Final answer:
To calculate tan 105°, use the sum identity for tangent with values 60° and 45°. Substitute the known tangent values for 60° (√3) and 45° (1) and simplify using the conjugate, resulting in the exact value of -2 - √3.
Step-by-step explanation:
To find the exact value of tan 105°, we can use the sum identity for tangent, which says that tan(A + B) = (tan A + tan B) / (1 - tan A * tan B). Knowing that 105° can be expressed as 60° + 45°, we set A to 60° and B to 45°.
Using the exact values for tan 60° (√3) and tan 45° (1), we substitute these into the identity:
tan 105° = (tan 60° + tan 45°) / (1 - tan 60° * tan 45°)

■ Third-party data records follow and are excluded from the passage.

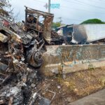 Totalmente calcinado quedó el tráiler que transportaba papel reciclado en...
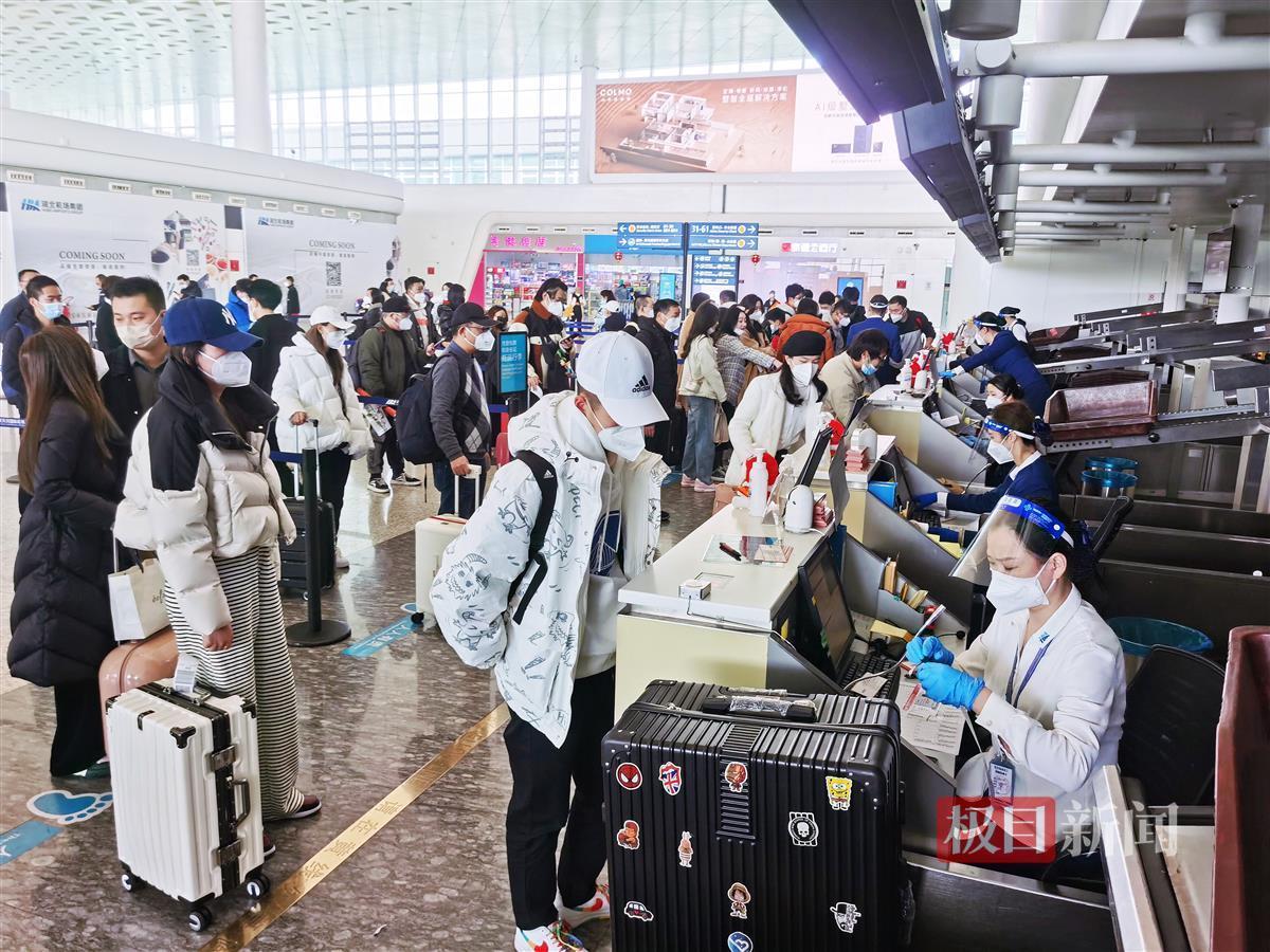 客流回升也有统计数据的佐证。春运期间,武汉天河机场预计起降航班架次2.1万架次,日均起降航班525架次,同比增长7.7%左右;预计旅客吞吐量223万人次,日均客流量5.6万人次,同比增长10.9%左右。春运首日,武汉天河机场预计起降航班架次400架次,运输旅客4.5万人次。
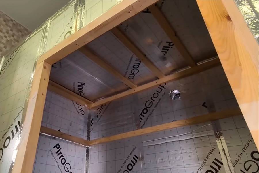 Перед тем как крепить к стенам брус самого каркаса, необходимо выполнить их пароизоляцию. На кирпичную кладку укладывается пергамин или битумированная бумага внахлест на 15-20 см. На уложенный пароизолят можно крепить деревянный брус, который крепится к стенам и полу. В каждом углу будущей сауны обязательно должна быть стойка каркаса. Чаще всего используют брус с сечением 5*5 см и устанавливают его с шагом чуть меньше ширины пароизолята. Далее монтируется каркас потолка с вентиляционным отверстием и отверстиями для электроснабжения. Дополнительно рекомендуется внутрь кабины провести несколько патрубков с установленными разбрызгивателями воды, они помогут предотвратить случайно возникший пожар. Внутри вентиляционного канала размещается противопожарный клапан, который не позволяет проникать горячему воздуху в другие комнаты дома.
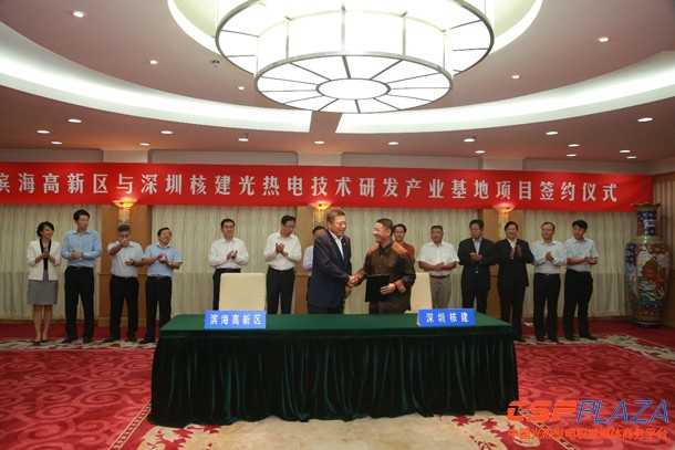 另據官景棟介紹,9月16日,天津濱海高新區與深核建簽署光熱發電技術研發與產業化基地項目投資合作協議。雙方將共同在天津打造一個光熱電產業從頭到尾的全產業鏈,包括集熱、換熱、儲熱、發電等全套設備的生產制造及一個世界級的光熱發電研發中心。最終可實現在這里下一份訂單就能建設一個完整電站的目標。
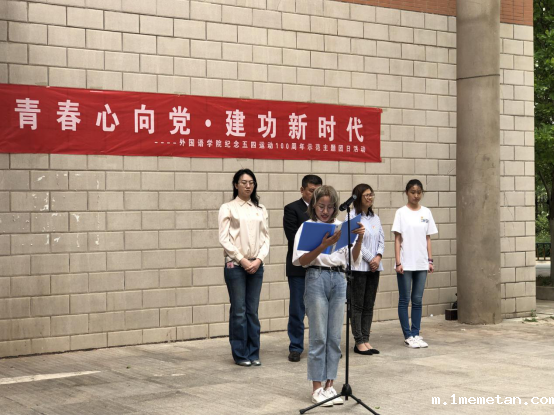 5月5日下午,外国语学院在外文楼前开展“青春心向党•建功新时代”——纪念五四运动100周年示范主题团日活动。老团干优秀代表、外国语学院党委书记李杰瑞,学院团委书记臧蓉蓉、辅导员刘玥及2018年新发展团员、团员青年代表60余人参加活动。活动由学院学生会主席周广军主持。
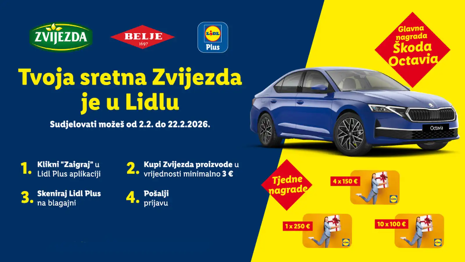 Zvijezda nagradna igra za auotmobil Škoda Octavia traje od 02.02.2026. do 22.02.2026.
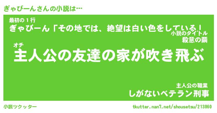 ぎゃびーんさんの小説は… オチ『主人公の友達の家が吹き飛ぶ』最初の1行『ぎゃびーん「その地では、絶望は白い色をしている」』主人公の職業『しがないベテラン刑事』 ツクッター #小説ツクッター http://tkutter.nan7.net/shousetsu/213860/
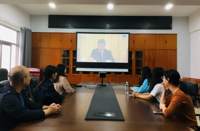 人文与艺术学院教职工在会议室收看大会直播 吴艳芳/摄
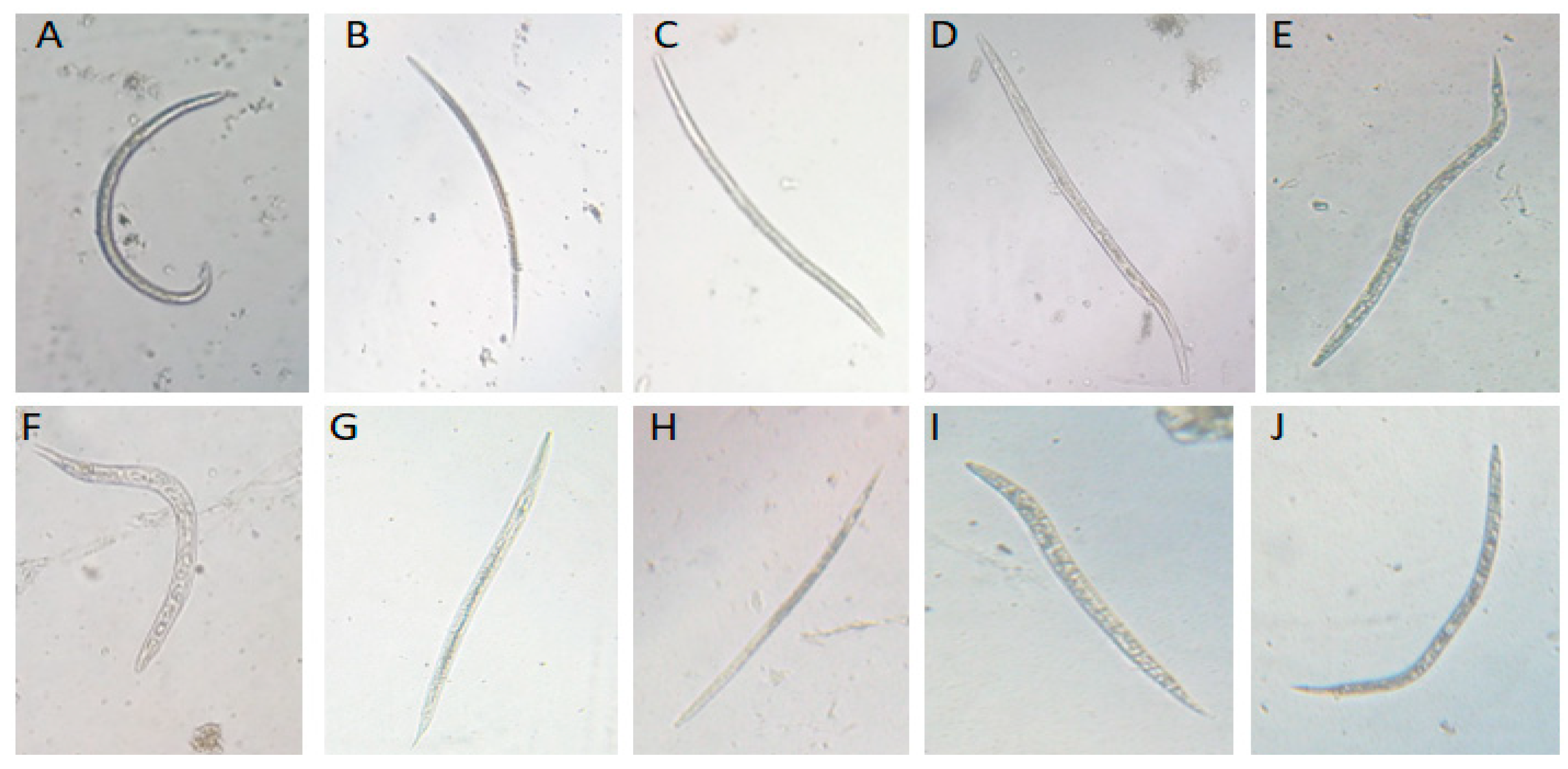 Figure 6. M. incognita mortality of J2s under a light microscope following 72 h immersion in the X. indica filtrate compared with two controls, (A) H2O and (B) Anti-Nema, (C) at 100%, (D) 75%, and (E) 50%; furthermore, its biogenic Ag-NPs were compared with two controls, (F) H2O and (G) Anti-Nema, (H) at 100%, (I) 75%, and (J) 50%.
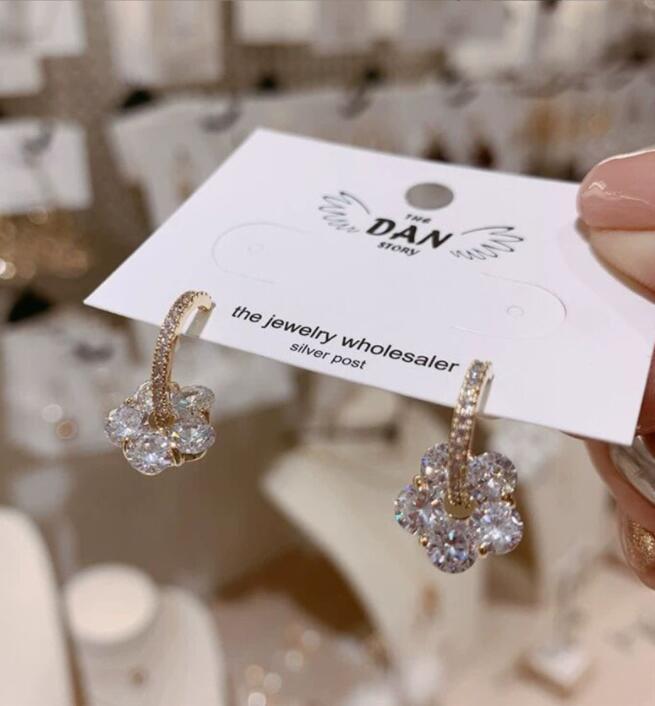 925银针镶钻耳环简约气质耳环高级感小众耳钉耳饰批发女耳坠
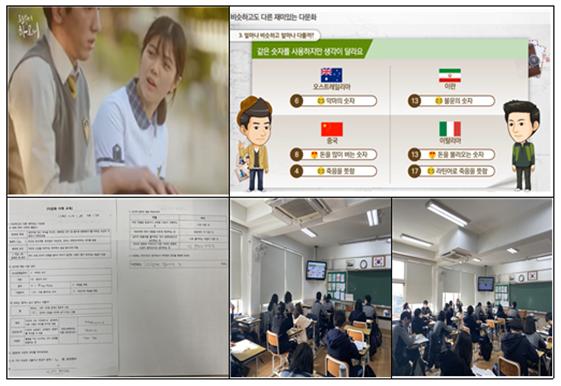 이번 다문화 이해 교육에서는 비슷하고도 다른 재미있는 다문화를 주제로 세계 여러 국가들의 다양한 문화에 대해 알아보았다. 우리에게 익숙한 문화들이 다른 국가에 존재하기도 하고, 같은 숫자나 행동 등을 서로 다르게 해석하고 이해할 수 있다는 점을 통해 다른 나라의 다양한 문화를 이해하고 차별이 아닌 차이를 인정하는 진정한 세계 시민의 자세에 대해 배워볼 수 있었다. 또한 다문화 시대에서 중요한 가치 중 하나인 공존의 의미에 대해 깊이 생각해보고, 존중과 조화를 통해 소수들의 고립이 아닌 ‘더불어 살아가는 사회’를 만들기 위해 노력할 것을 다짐하는 시간을 가졌다.
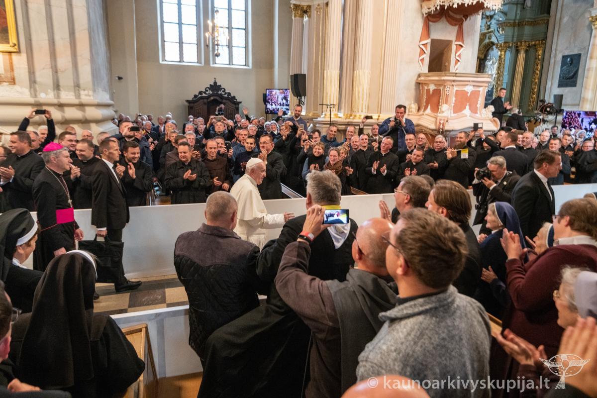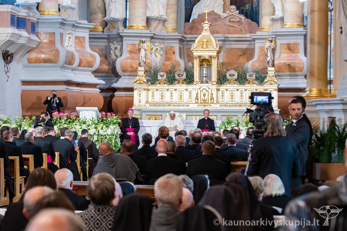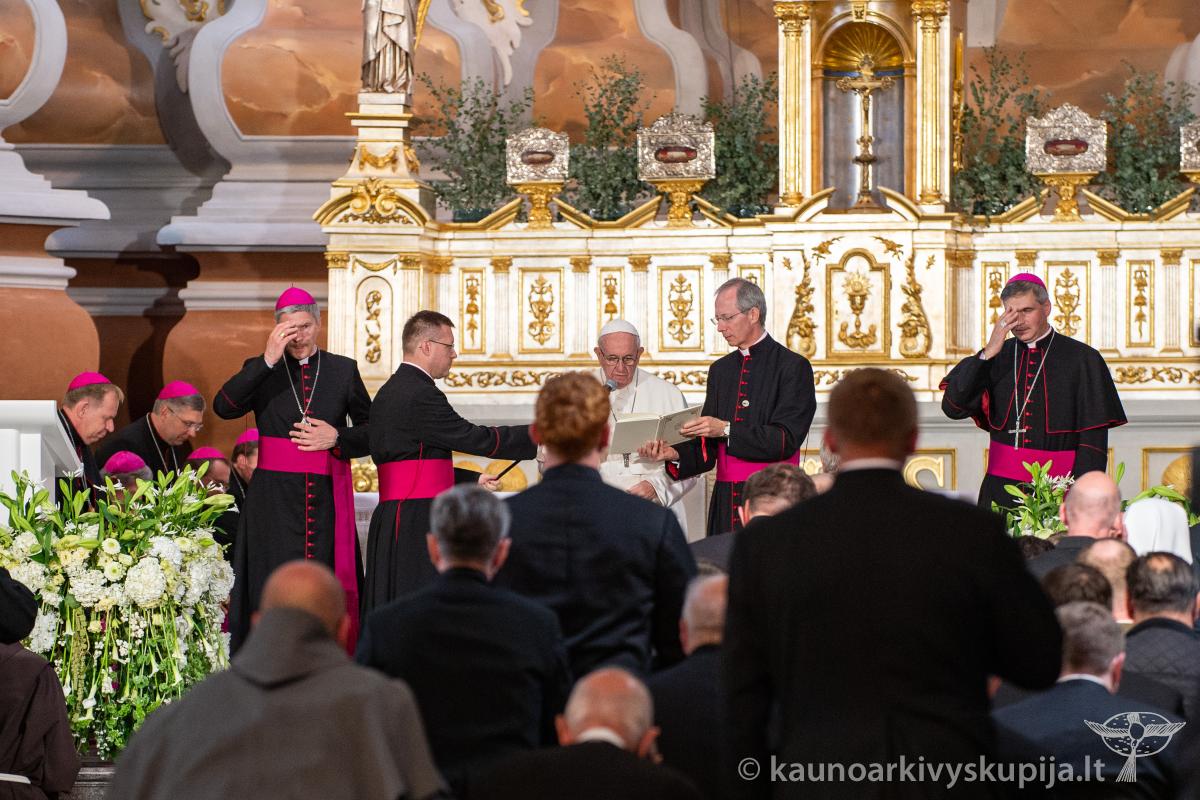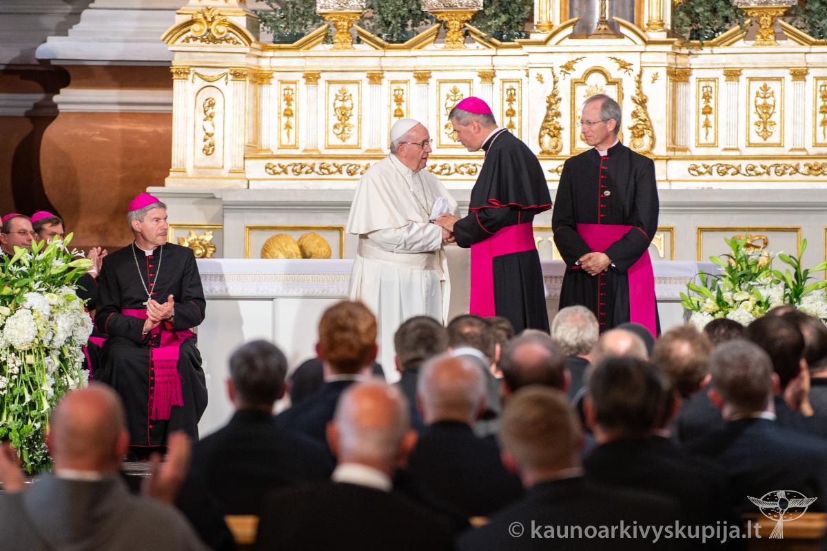 FOTOALBUMAS: Popiežius PRANCIŠKUS susitinka su dvasininkais, seminaristais ir pašvęstaisiais Kauno arkikatedroje, 2018 m. rugsėjo 23 d.
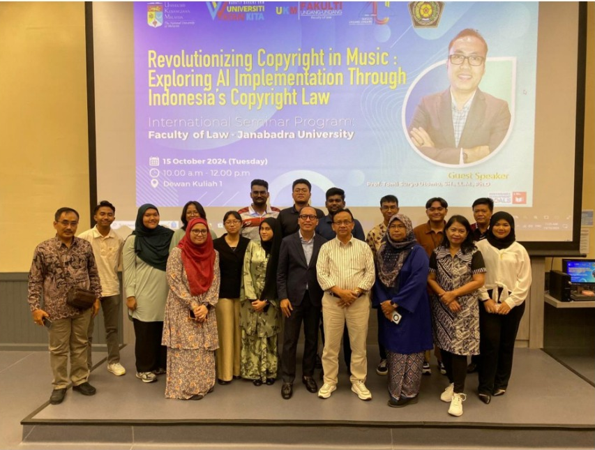 Fakultas Hukum Universitas Janabadra Yogyakarta (FH UJB) melaksanakan Visiting Profesor di Fakultas Undang-Undang Universitas Kebangsaan Malaysia (FUU UKM) pada 15 Oktober 2024. Kegiatan mengangkat tema ‘Revolutionizing Copyright in Music: Exploring AI Implementation Through Indonesia’s Copyright Law’. Sebagai dosennya Prof Tomi Suryo Utomo SH LLM PhD.
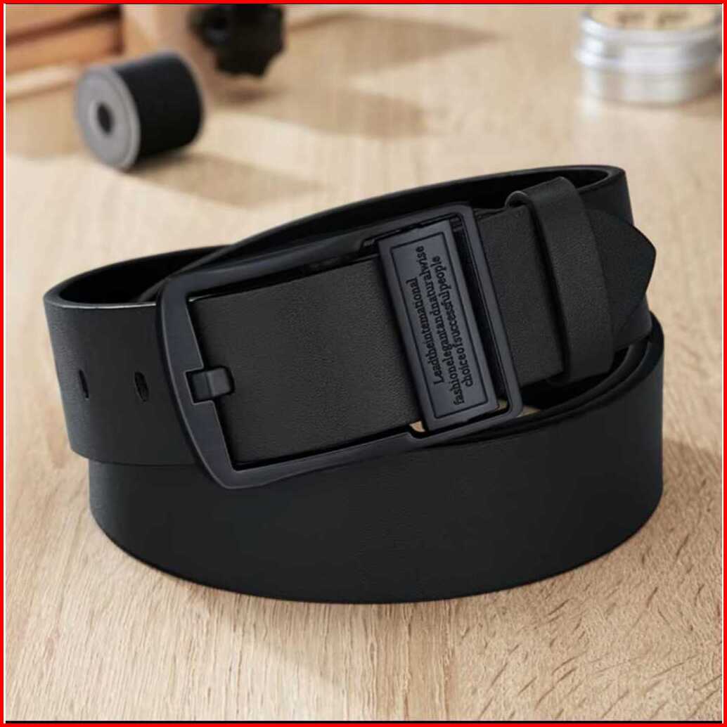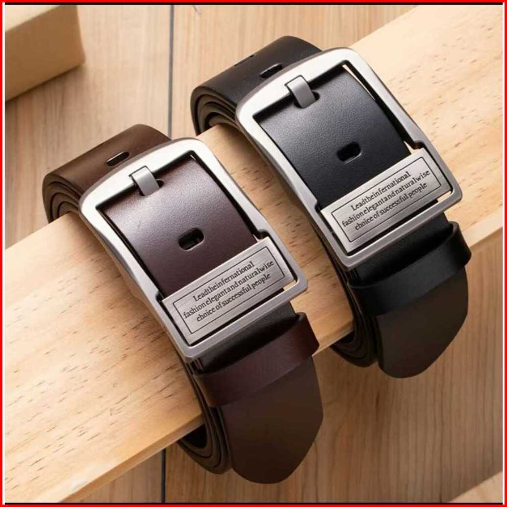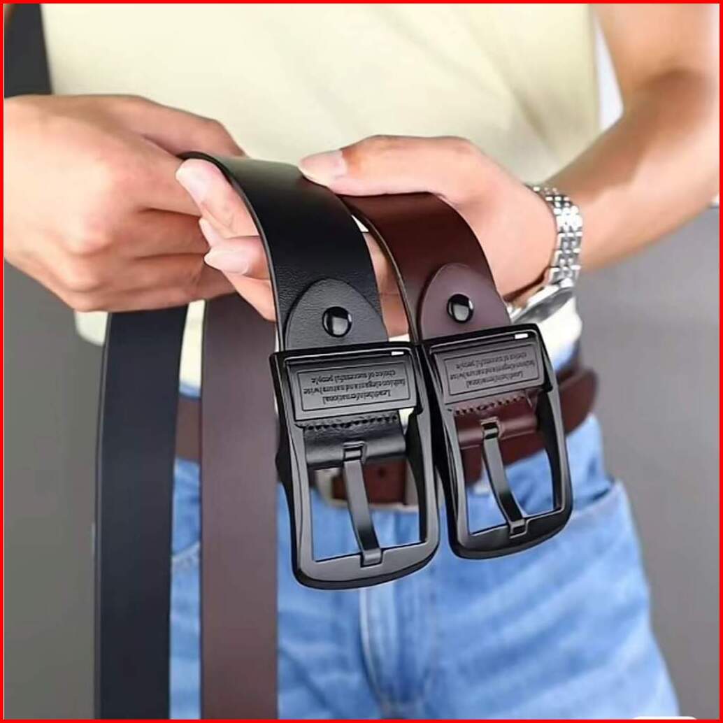 Sabuk Kulit Sapi Asli Sapi 2 Lapisan Korea Fashion Gaya Kancing Pin Klasik Ikat Pinggang Pria Belt
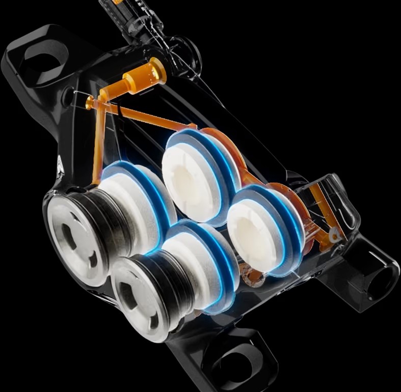 対向2ピストン設計は、XCレースに必要な十分な制動力を確保しつつ、システム全体の軽量化に大きく貢献する。キャリパーボディの素材にはマグネシウムが使用されることもあり、さらなる軽量化が追求されている。
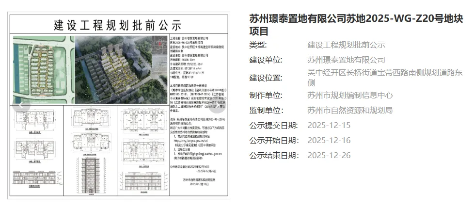 12月16日,苏州璟泰置地有限公司苏地2025-WG-Z20号地块项目规划批前公示,拟建35幢住宅,其中18幢3F联排、13幢4-6F叠墅、4幢17F小高层。

tan 105° = (√3 + 1) / (1 - √3 * 1)
tan 105° = (√3 + 1) / (1 - √3).
To simplify this expression, we can multiply the numerator and the denominator by the conjugate of the denominator, (1 + √3). This eliminates the radical in the denominator:
tan 105° = ((√3 + 1)(1 + √3)) / ((1 - √3)(1 + √3))
tan 105° = (√3^2 + 2√3 + 1) / (1 - √3^2)
tan 105° = (3 + 2√3 + 1) / (1 - 3)
tan 105° = (4 + 2√3) / (-2)
tan 105° = -2 - √3.
So the exact value of tan 105° is -2 - √3.